Let $P:\mathbb R^2\to \mathbb R$ be a polynomial with no constant or linear terms, and with all other coefficients bounded by 1 in absolute value. Suppose its Hessian determinant is equal to $\epsilon Q(x,y)$ for some tiny $\epsilon$ and some other polynomial $Q$ with all coefficients bounded by 1 in absolute value. Then is it true that for some unit vector $u$, we have $$ (\nabla\cdot u) P(x,y)=\epsilon^{1/2} C_d R(x,y) $$ for some constant $C_d$ depending on the degree $d$ of $P$ only, and some polynomial $R$ with all coefficients bounded above by 1 in absolute value?
Edited: this question occurs in my research, where I need to consider the set where the Hessian determinant of a polynomial $P$ is small.

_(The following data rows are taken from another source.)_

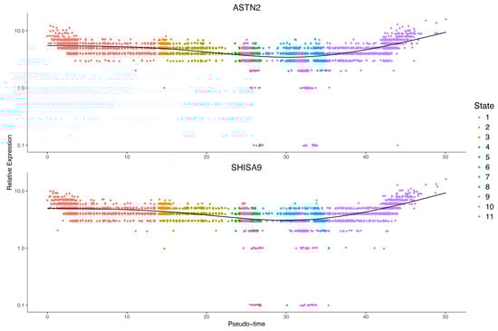 Analysis of gene expression trend. The X-axis is the pseudotime value, and the Y-axis is the expression value. The time states of the cells are shown in different colors.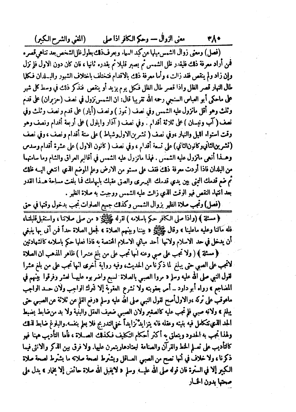 (مسألة) (وإذا صلى الكافر حكم بإسلامه) لقوله صلى الله عليه وسلم " من صلى صلاتنا، واستقبل قبلتنا، فله مالنا وعليه ما علينا " وقال صلى الله عليه وسلم " بيننا وبينهم الصلاة " فجعل الصلاة حدا فمن أتى بها ينبغي أن يدخل في حد الإسلام ولأنها أحد مباني الإسلام المختصة به فإذا فعلها حكم بإسلامه كالشهادتين (مسألة) (ولا تجب على صبي وعنه أنها تجب على من بلغ عشراً) ظاهر المذهب أن الصلاة لا تجب على الصبي حتى يبلغ لما ذكرنا من الحديث، وفيه رواية أخرى أنها تجب على من بلغ عشراً لقول النبي صلى الله عليه وسلم " مروا الصبي بالصلاة لسبع واضربوه عليها لعشر وفرقوا بينهم في المضاجع " رواه أبو داود - أمر بعقوبته ولا تشرع العقوبة إلا لترك الواجب ولأن حد الواجب ما عوقب على تركه، والأول أصح لقول النبي صلى الله عليه وسلم " رفع القلم عن ثلاثة عن الصبي حتى يبلغ " ولأنه صبي فلم تجب عليه كالصغير ولأن الصبي ضعيف العقل والبنية ولا بد من ضابط يضبط الحد الذي تتكامل فيه بنيته وعقله فإنه يتزايد تزايداً خفي التدريج فلا يعلم بنفسه.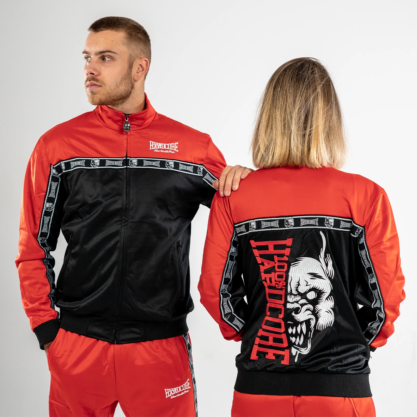 The 100% Hardcore Training Pants are built for comfort, movement, and pure style. Made from improved stretchy 100% polyester fabric, they deliver a perfect fit with woven side borders and logo-detailed zippers for that unmistakable hardcore look.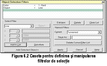 Comanda FILTER activeaza caseta de dialog "Object Selection Filters", (fig. 6.2), care permite constructia filtrelor de selectie. Proprietatea sau proprietatile care definesc filtrul sunt alese dintr-o lista de optiuni a casetei. În alcatuirea listei de proprietati, pot fi folosite si functii logice de tipul: AND, OR, XOR si NOT. Un exemplu de constituire a unei liste de filtrare este prezentat în continuare:
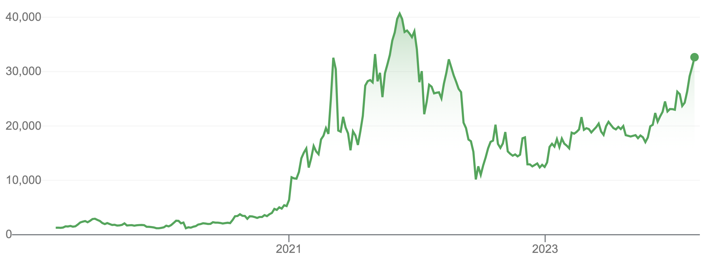 Man ansåg att detta kunde komma att ingjuta förtroende för kryptomarknaden. Samtidigt skulle ett godkännande av en Bitcoin ETF kunna skapa stora kapitalflöden till bitcoin och övriga kryptovalutor. Nedan visas utvecklingen för ethereumkursen år 2023.

There is one particular case which bothers me, namely, when $\det(D^2P)$ is of the order $O(\epsilon)$ in the entire $[0,1]^2$ but some coefficients of $P$ is large, say when $$ P(x,y)=x^2+\epsilon^{1/2}y^2. $$ In this case we see that $\partial_y P(x,y)$ is of the order $\epsilon^{1/2}$. However, as in the case $$ P(x,y)=x^2+(2+\epsilon^{1/2})xy+y^2, $$ all coefficients of $P$ are large, but taking $u=(1/\sqrt 2,1/\sqrt 2)$ also does the job. For a general polynomial with high order, this rotation may be difficult to find.
I suspect what you want is false, the example would be $$ P = x^2 + 2xy + y^2 $$ where the Hessian derivative is zero.
If this example does not finish things, you should explain why.